> **Problem details**: An exact copy of the data below is needed; please leave out any pictures.

> **Provided entries**:

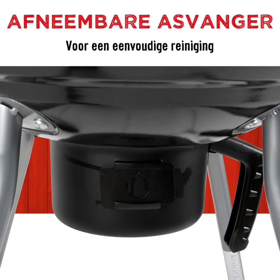 Hou je ervan om te barbecueën? Met deze kogelbarbecue van BBQ collection bereid je je vlees, vis en groente op houtskool, wat je gerechten de typerende barbecuesmaak geeft.Directe en indirecte warmteEen kogelbarbecue kenmerkt zich door de bolle vorm waar hij zijn naam aan ontleent. Het is niet alleen een schaal met een rooster, maar ook een deksel. Daardoor krijg je veel meer mogelijkheden om je favoriete barbecuegerechten te bereiden. Met het afsluitbare deksel kan je barbecue namelijk een ovenfunctie vervullen en gebruik je directe en indirecte warmte. Met het RVS luchtrooster kun je bovendien de hoeveelheid zuurstof regelen en daarmee de temperatuur in de BBQ. Het deksel heeft een groot handvat om hem gemakkelijk te liften. Aan de binnenkant zit een haak waarmee je het deksel kan ophangen als je hem even niet gebruikt.Met verchroomd roosterHet grillrooster van deze barbecue heeft een diameter van 45 cm; voor veel mensen een prima formaat. Wil je wat spullen binnen handbereik houden? Leg ze dan onder de barbecue op het verchroomde rooster. De BBQ heeft een hoogte van zo’n 83 cm, zodat je staand kunt barbecueën zonder ver voorover te hoeven buigen. Fijn voor je rug!
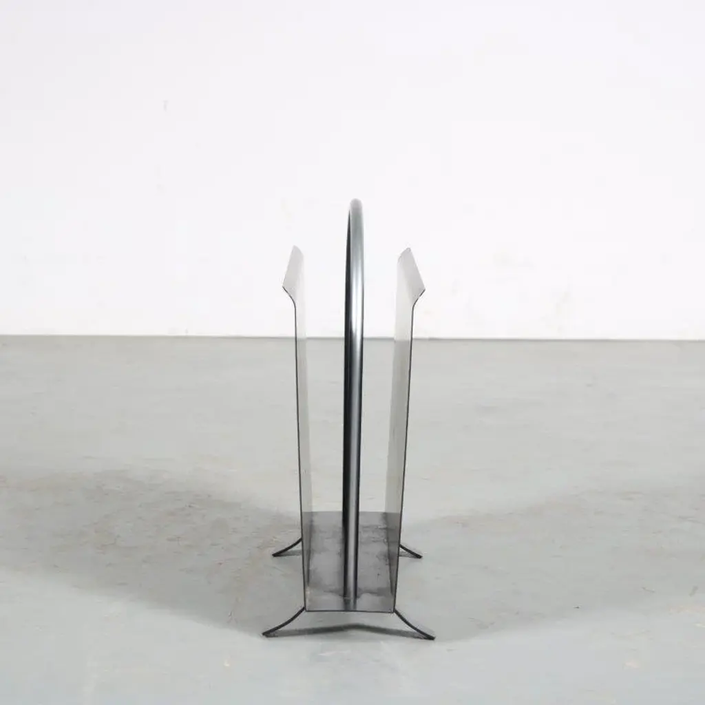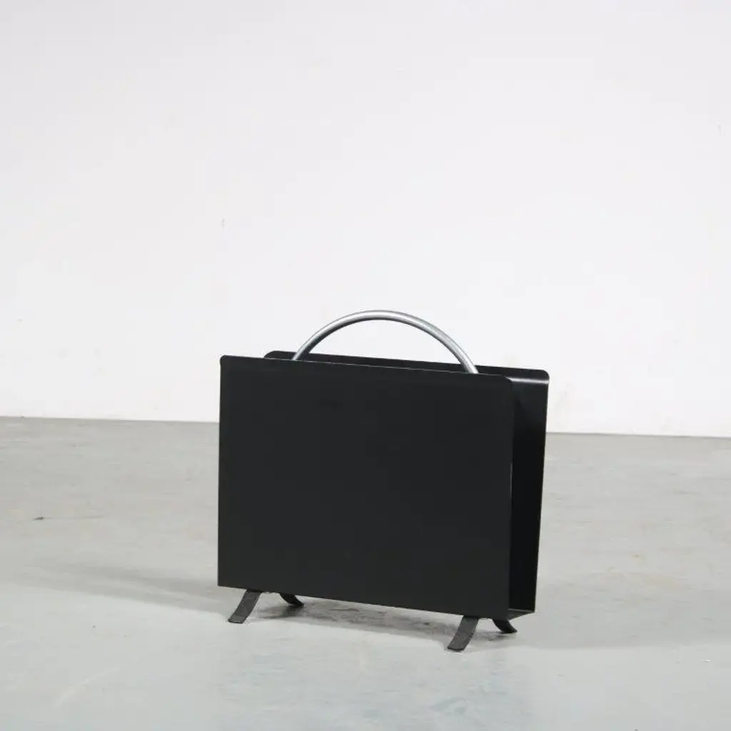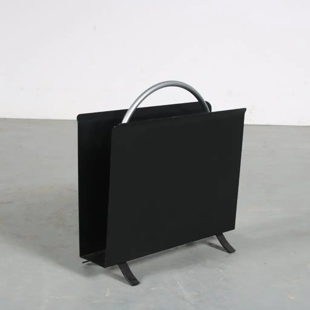 A lovely magazine rack designed by w.h. Gispen around 1950, recent production by dutch originals from the netherlands. the piece has a minimalist, modern design. Black lacquered metal sheet on metal legs with a nice chrome plated bent metal handle. It has a style that makes it fitting for many different kinds of decors. A lovely and most recognizable find of dutch design! it remains in good vintage condition with minor wear consistent with age and use, preserving a beautiful patina. i have official proof of authenticity such as vintage catalogs, designer records, or other literature sources and take full responsibility for any authenticity issues arising from misattribution
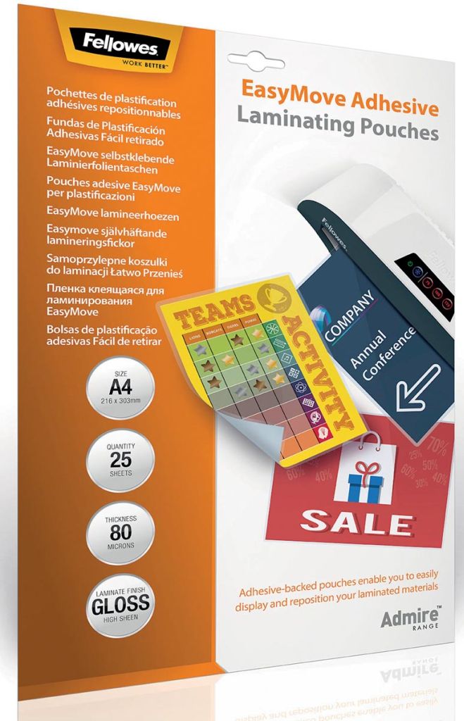 - 2 x 80 micron (160 micron) Pak van 25 stuks EasyDisplay zelfklevende lamineerhoezen - perfect om makkelijk documenten te bevestigen aan de wand, ft A4
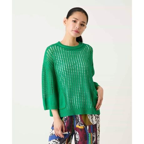 ざっくりとしたメッシュ編みがニュアンス感溢れるリラクシーニットプルオーバー
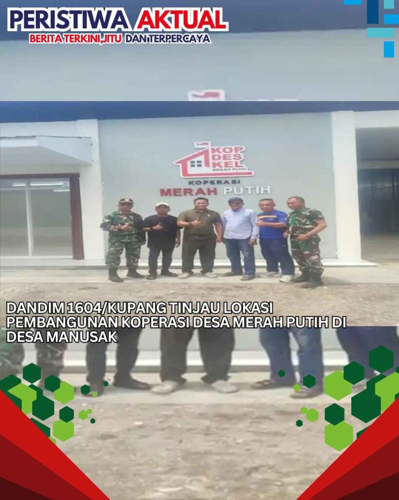 www.peristiwaaktual.com.ǁNTT,8 Februari 2026-Komandan Kodim (Dandim) 1604/Kupang, Kolonel Inf Kadek Abriawan meninjau langsung lokasi pembangunan Koperasi Desa/Kelurahan Merah Putih (KDKMP) yang berada di Jalan Terusan Raknamo, RT 10 RW 04 Dusun 04, Desa Manusak, Kecamatan Kupang Timur, Kabupaten Kupang, Provinsi NTT, Sabtu (7/2/2026). Saat kunjungan tersebut diketahui pengerjaan pembangunan KDKMP di Desa Manusak hampir rampung. Pembangunan fisik Koperasi tersebut telah mencapai 96,30 persen. Dalam kunjungan tersebut, Dandim 1604/Kupang didampingi Perwira Seksi Teritorial Kodim…
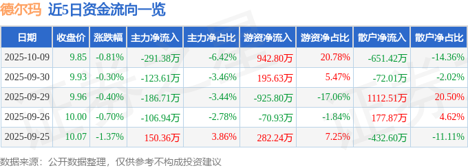 证券之星消息,截至2025年10月9日收盘,德尔玛(301332)报收于9.85元,下跌0.81%,换手率1.74%,成交量4.6万手,成交额4536.92万元。
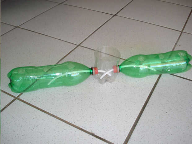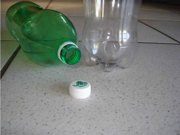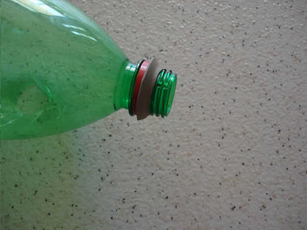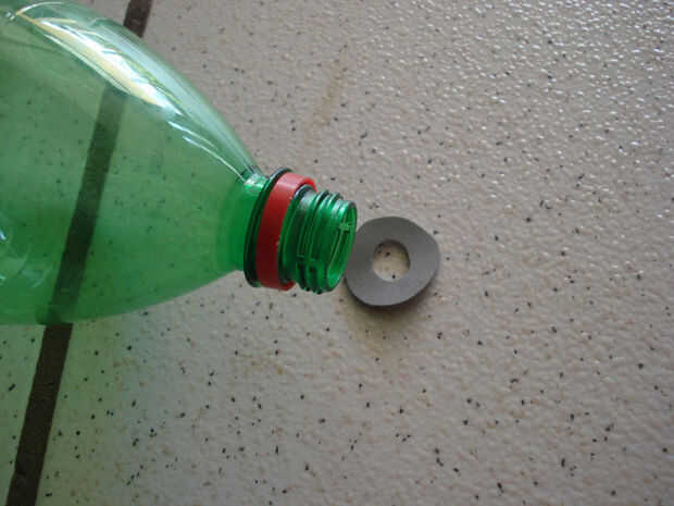 Corte a dos arandelas de goma con el orificio central de unos 20 mm. lugar las arandelas en la boquilla de la botella.
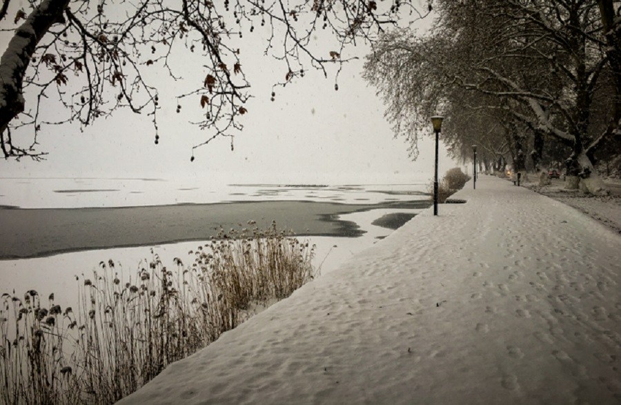 Πάγωσε η λίμνη της Καστοριάς: απίστευτες ολόλευκες εικόνες

> **Task output**:
 Hou je ervan om te barbecueën? Met deze kogelbarbecue van BBQ collection bereid je je vlees, vis en groente op houtskool, wat je gerechten de typerende barbecuesmaak geeft.Directe en indirecte warmteEen kogelbarbecue kenmerkt zich door de bolle vorm waar hij zijn naam aan ontleent. Het is niet alleen een schaal met een rooster, maar ook een deksel. Daardoor krijg je veel meer mogelijkheden om je favoriete barbecuegerechten te bereiden. Met het afsluitbare deksel kan je barbecue namelijk een ovenfunctie vervullen en gebruik je directe en indirecte warmte. Met het RVS luchtrooster kun je bovendien de hoeveelheid zuurstof regelen en daarmee de temperatuur in de BBQ. Het deksel heeft een groot handvat om hem gemakkelijk te liften. Aan de binnenkant zit een haak waarmee je het deksel kan ophangen als je hem even niet gebruikt.Met verchroomd roosterHet grillrooster van deze barbecue heeft een diameter van 45 cm; voor veel mensen een prima formaat. Wil je wat spullen binnen handbereik houden? Leg ze dan onder de barbecue op het verchroomde rooster. De BBQ heeft een hoogte van zo’n 83 cm, zodat je staand kunt barbecueën zonder ver voorover te hoeven buigen. Fijn voor je rug!
 A lovely magazine rack designed by w.h. Gispen around 1950, recent production by dutch originals from the netherlands. the piece has a minimalist, modern design. Black lacquered metal sheet on metal legs with a nice chrome plated bent metal handle. It has a style that makes it fitting for many different kinds of decors. A lovely and most recognizable find of dutch design! it remains in good vintage condition with minor wear consistent with age and use, preserving a beautiful patina. i have official proof of authenticity such as vintage catalogs, designer records, or other literature sources and take full responsibility for any authenticity issues arising from misattribution
 - 2 x 80 micron (160 micron) Pak van 25 stuks EasyDisplay zelfklevende lamineerhoezen - perfect om makkelijk documenten te bevestigen aan de wand, ft A4
 ざっくりとしたメッシュ編みがニュアンス感溢れるリラクシーニットプルオーバー
 www.peristiwaaktual.com.ǁNTT,8 Februari 2026-Komandan Kodim (Dandim) 1604/Kupang, Kolonel Inf Kadek Abriawan meninjau langsung lokasi pembangunan Koperasi Desa/Kelurahan Merah Putih (KDKMP) yang berada di Jalan Terusan Raknamo, RT 10 RW 04 Dusun 04, Desa Manusak, Kecamatan Kupang Timur, Kabupaten Kupang, Provinsi NTT, Sabtu (7/2/2026). Saat kunjungan tersebut diketahui pengerjaan pembangunan KDKMP di Desa Manusak hampir rampung. Pembangunan fisik Koperasi tersebut telah mencapai 96,30 persen. Dalam kunjungan tersebut, Dandim 1604/Kupang didampingi Perwira Seksi Teritorial Kodim…
 证券之星消息,截至2025年10月9日收盘,德尔玛(301332)报收于9.85元,下跌0.81%,换手率1.74%,成交量4.6万手,成交额4536.92万元。
 Corte a dos arandelas de goma con el orificio central de unos 20 mm. lugar las arandelas en la boquilla de la botella.
 Πάγωσε η λίμνη της Καστοριάς: απίστευτες ολόλευκες εικόνες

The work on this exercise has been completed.